Clause 150 - Making of application
Gambling Bill
3:30 pm

Mr Richard Caborn (Minister of State (Sport and Tourism), Department for Culture, Media & Sport; Sheffield Central, Labour)
In light of that, I will put on record the Government's response to all three amendments. May I reassure the hon. Gentleman that when we return with further amendments on proliferation and with more information to hand, there will be opportunities to discuss regeneration?
Clause 150 refers to making an application to a licensing authority for a premises licence. Amendment No. 35 relates to subsection (3). Subsection (3)(a) provides that a person who has been issued with an operating licence by the gambling commission may apply for a premises licence. Subsection (3)(b) enables a person who has applied to the commission for an operating licence, but has not yet had the application determined, to apply for a premises licence. The intention behind subsection (3)(b) is to reduce the amount of time between operating and premises licences being granted. Where an application is made under subsection (3)(b), the premises licence will not be issued to the applicant until an operating licence has been granted by the gambling commission.
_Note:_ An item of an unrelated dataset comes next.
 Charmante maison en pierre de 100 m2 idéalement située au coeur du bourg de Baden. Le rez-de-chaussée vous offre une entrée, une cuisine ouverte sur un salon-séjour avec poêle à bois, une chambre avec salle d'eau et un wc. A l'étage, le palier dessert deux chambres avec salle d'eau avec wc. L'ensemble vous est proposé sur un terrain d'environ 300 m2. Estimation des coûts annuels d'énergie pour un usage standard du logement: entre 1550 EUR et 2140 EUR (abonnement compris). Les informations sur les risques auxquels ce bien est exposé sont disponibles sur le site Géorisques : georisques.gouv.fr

Amendment No. 42 would allow people who had not been approved by the gambling commission to be granted a premises licence. The Bill allows people who have made an application for an operating licence also to make applications for a premises licence before the operating licence is granted, but it is important that the gambling commission approves the operating licence before the premises licence is granted. Only the commission can check that the operator is suitable, competent and that his operation is crime-free and competent. The Bill gives the commission extensive powers to do that job, and I am sure that the hon. Gentleman would not wish to weaken that process.
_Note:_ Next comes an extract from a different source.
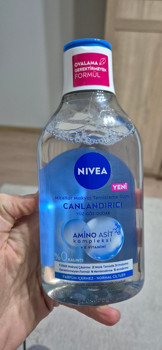 Nivea Canlandırıcı Micellar Makyaj Temizleme Suyu, amino asit kompleksi ve E vitamini ile yüz, göz ve dudakları ovma gerektirmeden temizler. Normal ciltler için, parfümsüz.

Amendment No. 2 would put a requirement on an applicant for a regional casino premises licence to demonstrate that substantial regeneration benefits will result from his proposals. The Government cannot agree to that amendment for four reasons. First, it would confuse planning and regulation. It is for the planning system to control where regional casinos should be strategically located. Regional planning and local authorities will take account of regeneration benefits when drawing up their plans and considering individual permissions.
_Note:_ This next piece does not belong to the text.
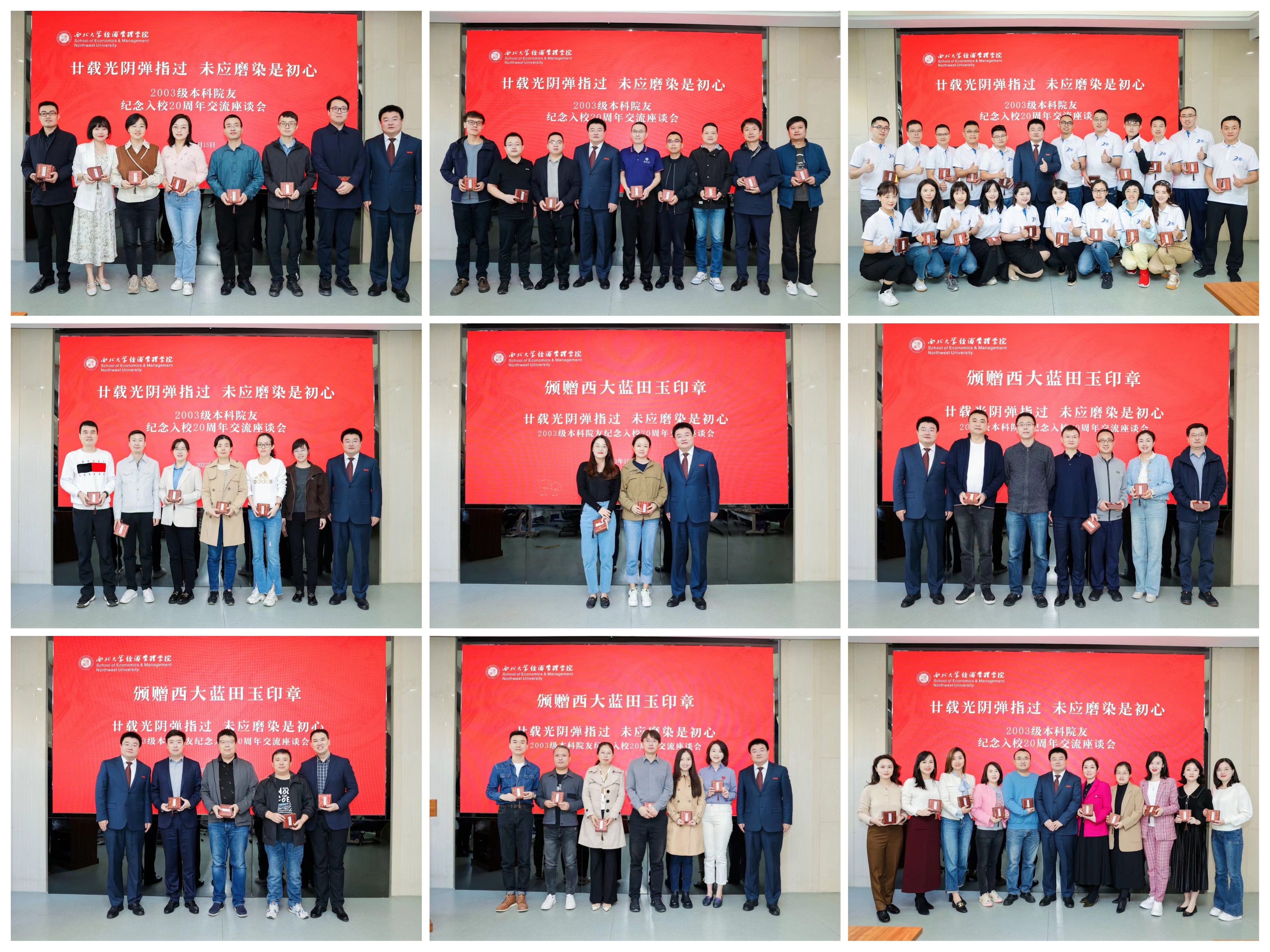 现场播放了03级校友毕业纪念片,视频收录了03级永利yl23411no1各专业的院友珍贵影像,或令人捧腹、或牵人心弦、或引人动容、或催人落泪,一段段难忘回忆,蕴藏着院友们对西大经管的深深眷恋。

Secondly, decisions on gambling premises licences should be made under clause 1 licensing objectives, to ensure effective regulation. We do not want to confuse regeneration with public protection in this Bill. We deliver protection; the planning process delivers regeneration. Thirdly, it is difficult to imagine how substantial regeneration benefits could be defined, or who would do it, other than under the planning system. The amendment is bound to lead to recourse to the courts in most if not all cases.